-- YOUR ASSIGNMENT --
Write again exactly the lines in the listing below, starting at the line with "In this test" and ending at the line with "Glastar Engine Inlet Plugs", both included. Pictures are not copied.

-- EXTRACTED DATA --
^^^^^^^^^^^^^^^^
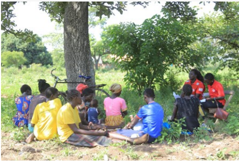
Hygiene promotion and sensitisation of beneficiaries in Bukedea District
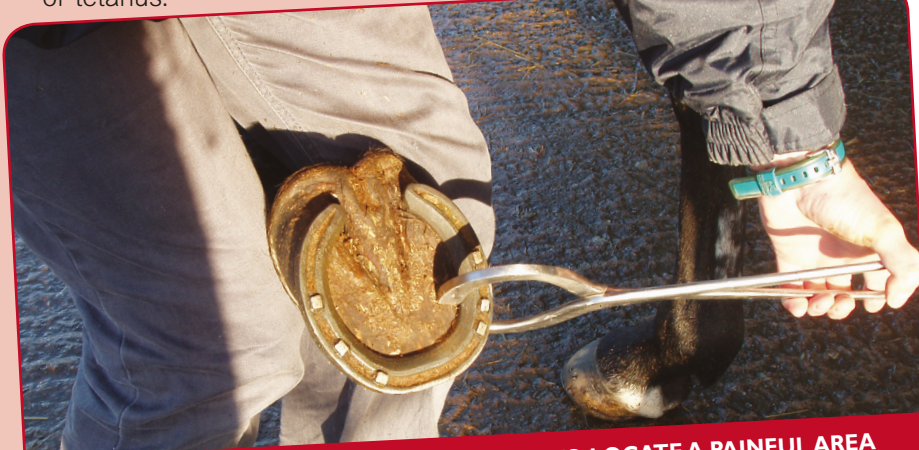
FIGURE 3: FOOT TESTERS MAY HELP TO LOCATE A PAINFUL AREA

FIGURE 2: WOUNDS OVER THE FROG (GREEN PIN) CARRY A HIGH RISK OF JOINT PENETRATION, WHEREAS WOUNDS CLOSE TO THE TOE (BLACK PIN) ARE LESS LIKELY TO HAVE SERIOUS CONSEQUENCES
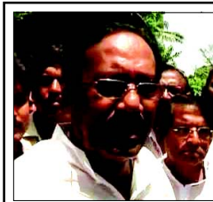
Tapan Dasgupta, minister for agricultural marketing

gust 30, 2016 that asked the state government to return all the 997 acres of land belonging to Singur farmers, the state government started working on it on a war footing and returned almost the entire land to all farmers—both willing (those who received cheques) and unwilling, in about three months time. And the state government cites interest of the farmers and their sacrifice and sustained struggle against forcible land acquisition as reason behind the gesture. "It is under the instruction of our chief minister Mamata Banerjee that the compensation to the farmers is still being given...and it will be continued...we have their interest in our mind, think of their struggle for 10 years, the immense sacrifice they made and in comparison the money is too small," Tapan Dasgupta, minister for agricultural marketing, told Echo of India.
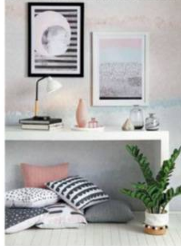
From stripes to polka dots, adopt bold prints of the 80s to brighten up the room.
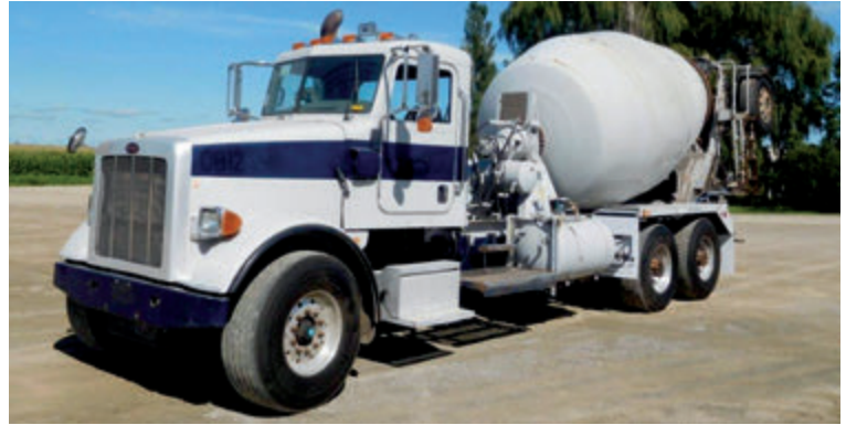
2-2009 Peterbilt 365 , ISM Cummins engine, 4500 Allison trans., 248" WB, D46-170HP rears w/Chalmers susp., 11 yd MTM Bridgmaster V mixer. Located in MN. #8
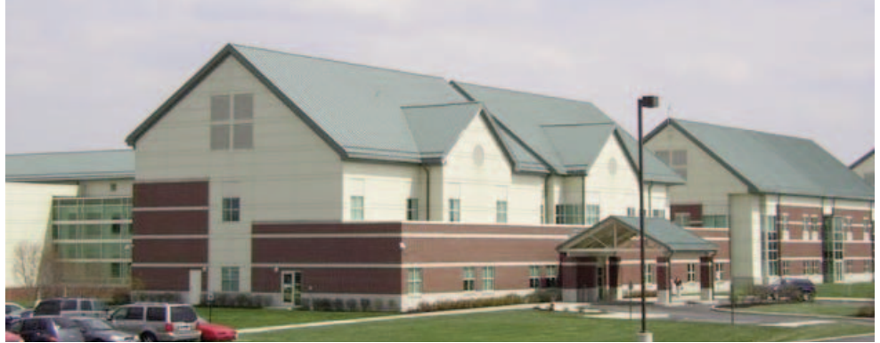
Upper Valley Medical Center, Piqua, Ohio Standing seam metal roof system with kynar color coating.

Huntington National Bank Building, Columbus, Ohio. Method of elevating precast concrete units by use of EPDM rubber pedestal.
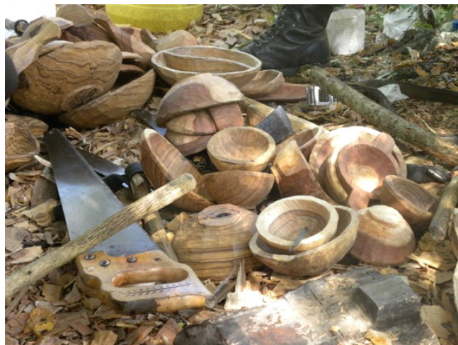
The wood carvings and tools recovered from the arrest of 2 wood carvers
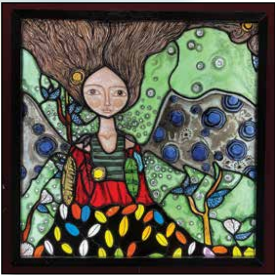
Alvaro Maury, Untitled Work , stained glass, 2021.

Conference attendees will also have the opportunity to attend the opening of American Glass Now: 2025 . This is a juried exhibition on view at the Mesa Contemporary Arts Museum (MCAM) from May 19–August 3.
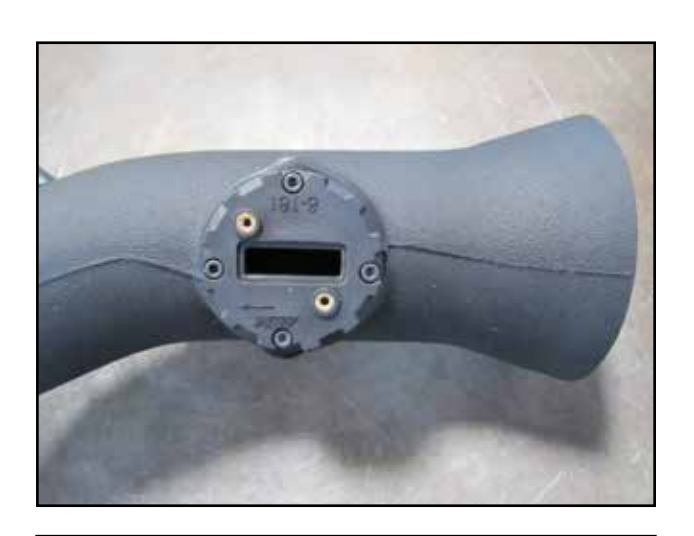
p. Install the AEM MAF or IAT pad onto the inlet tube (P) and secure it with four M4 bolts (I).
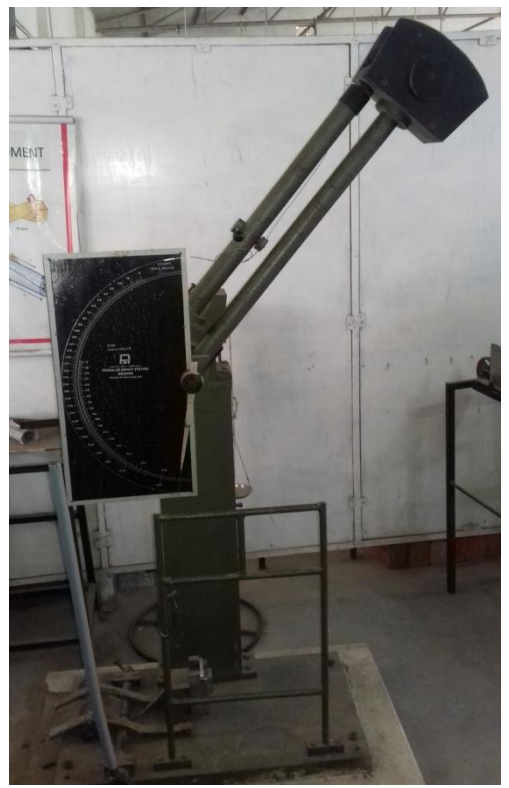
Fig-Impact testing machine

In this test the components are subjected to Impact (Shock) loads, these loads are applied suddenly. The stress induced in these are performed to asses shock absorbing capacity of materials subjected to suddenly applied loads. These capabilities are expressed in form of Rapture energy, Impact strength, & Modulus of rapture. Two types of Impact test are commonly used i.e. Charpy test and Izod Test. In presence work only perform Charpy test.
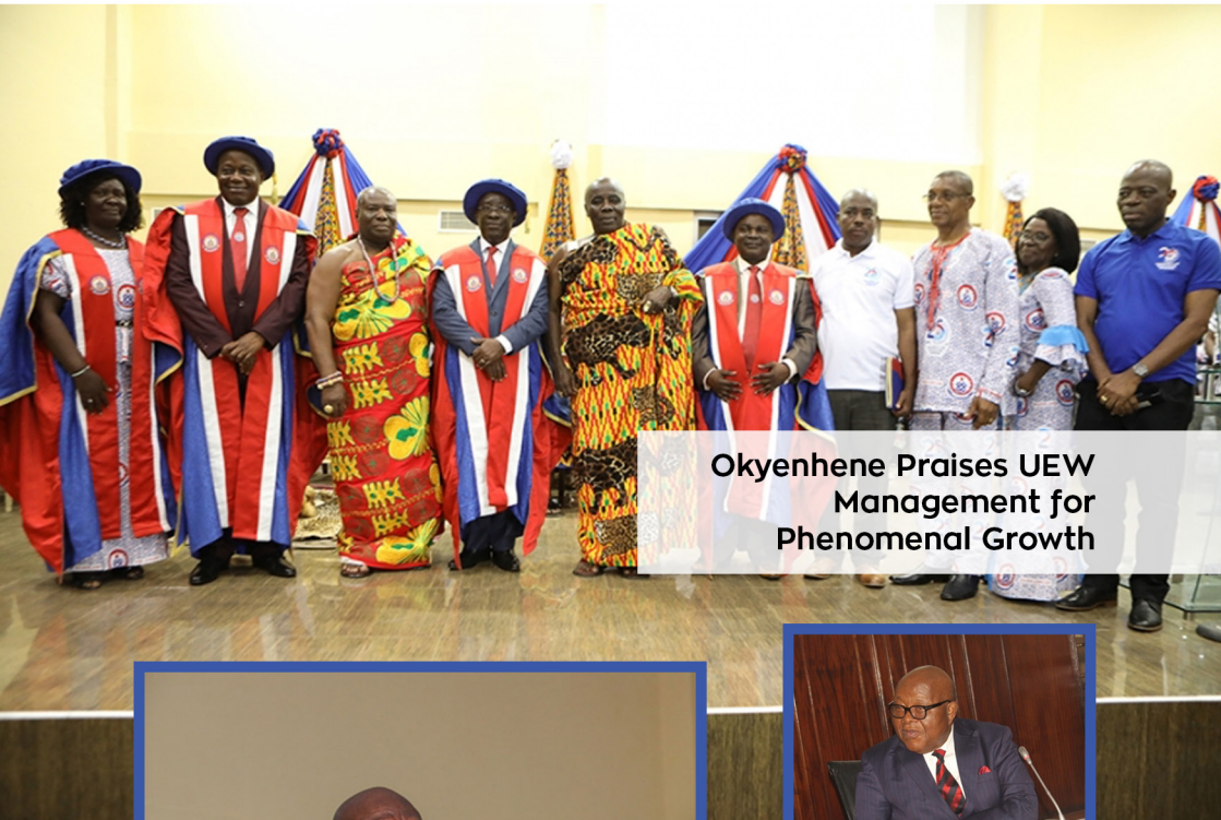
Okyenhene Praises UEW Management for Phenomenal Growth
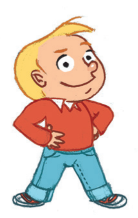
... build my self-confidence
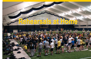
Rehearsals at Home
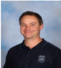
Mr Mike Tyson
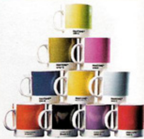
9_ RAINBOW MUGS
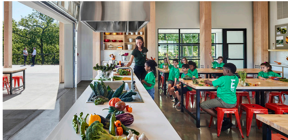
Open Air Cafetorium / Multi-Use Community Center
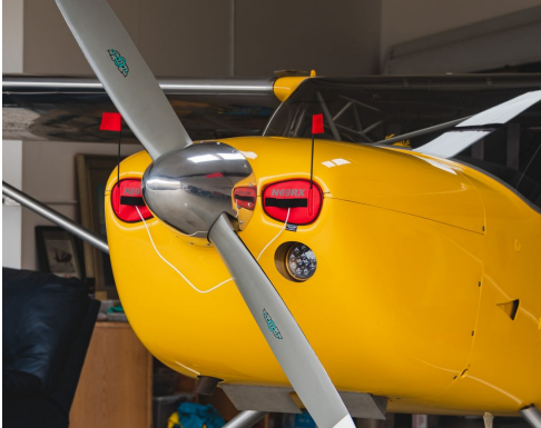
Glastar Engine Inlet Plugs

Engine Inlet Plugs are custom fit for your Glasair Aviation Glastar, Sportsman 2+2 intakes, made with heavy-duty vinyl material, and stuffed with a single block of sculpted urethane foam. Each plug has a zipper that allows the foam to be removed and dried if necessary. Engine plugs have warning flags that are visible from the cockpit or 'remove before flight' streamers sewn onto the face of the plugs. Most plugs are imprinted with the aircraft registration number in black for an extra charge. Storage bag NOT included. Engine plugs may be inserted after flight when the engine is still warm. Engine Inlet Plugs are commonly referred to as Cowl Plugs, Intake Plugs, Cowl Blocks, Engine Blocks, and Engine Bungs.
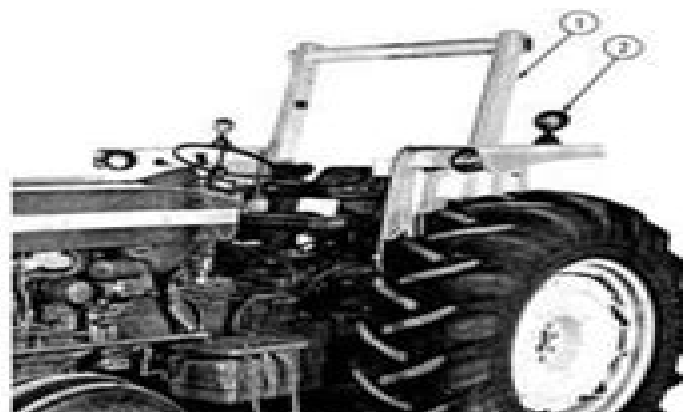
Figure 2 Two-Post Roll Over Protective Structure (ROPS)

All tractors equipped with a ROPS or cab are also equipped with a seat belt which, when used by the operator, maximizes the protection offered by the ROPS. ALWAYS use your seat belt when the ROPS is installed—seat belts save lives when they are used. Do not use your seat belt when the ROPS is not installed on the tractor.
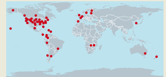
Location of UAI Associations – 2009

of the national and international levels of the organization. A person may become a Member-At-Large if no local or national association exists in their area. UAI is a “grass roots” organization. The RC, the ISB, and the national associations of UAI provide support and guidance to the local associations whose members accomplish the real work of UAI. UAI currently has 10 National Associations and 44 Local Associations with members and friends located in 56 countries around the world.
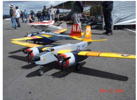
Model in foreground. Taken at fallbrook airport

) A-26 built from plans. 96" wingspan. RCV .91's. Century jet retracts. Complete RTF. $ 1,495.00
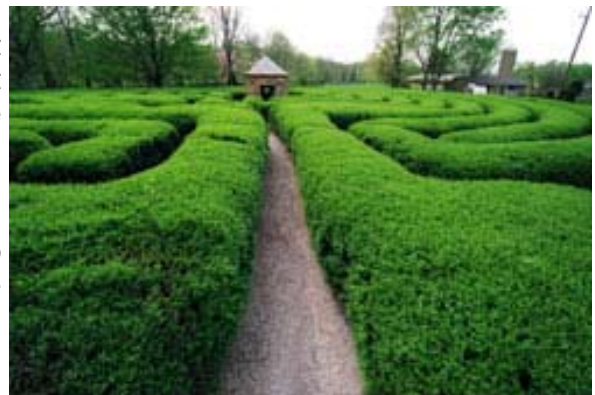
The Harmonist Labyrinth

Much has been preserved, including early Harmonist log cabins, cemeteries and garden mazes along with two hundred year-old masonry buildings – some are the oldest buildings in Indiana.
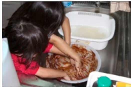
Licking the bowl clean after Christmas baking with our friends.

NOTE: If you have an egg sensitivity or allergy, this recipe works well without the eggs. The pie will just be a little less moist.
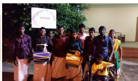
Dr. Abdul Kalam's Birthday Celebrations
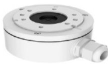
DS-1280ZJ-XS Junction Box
^^^^^^^^^^^^^^^^
-- YOUR RESPONSE --
In this test the components are subjected to Impact (Shock) loads, these loads are applied suddenly. The stress induced in these are performed to asses shock absorbing capacity of materials subjected to suddenly applied loads. These capabilities are expressed in form of Rapture energy, Impact strength, & Modulus of rapture. Two types of Impact test are commonly used i.e. Charpy test and Izod Test. In presence work only perform Charpy test.
Okyenhene Praises UEW Management for Phenomenal Growth
... build my self-confidence
Rehearsals at Home
Mr Mike Tyson
9_ RAINBOW MUGS
Open Air Cafetorium / Multi-Use Community Center
Glastar Engine Inlet Plugs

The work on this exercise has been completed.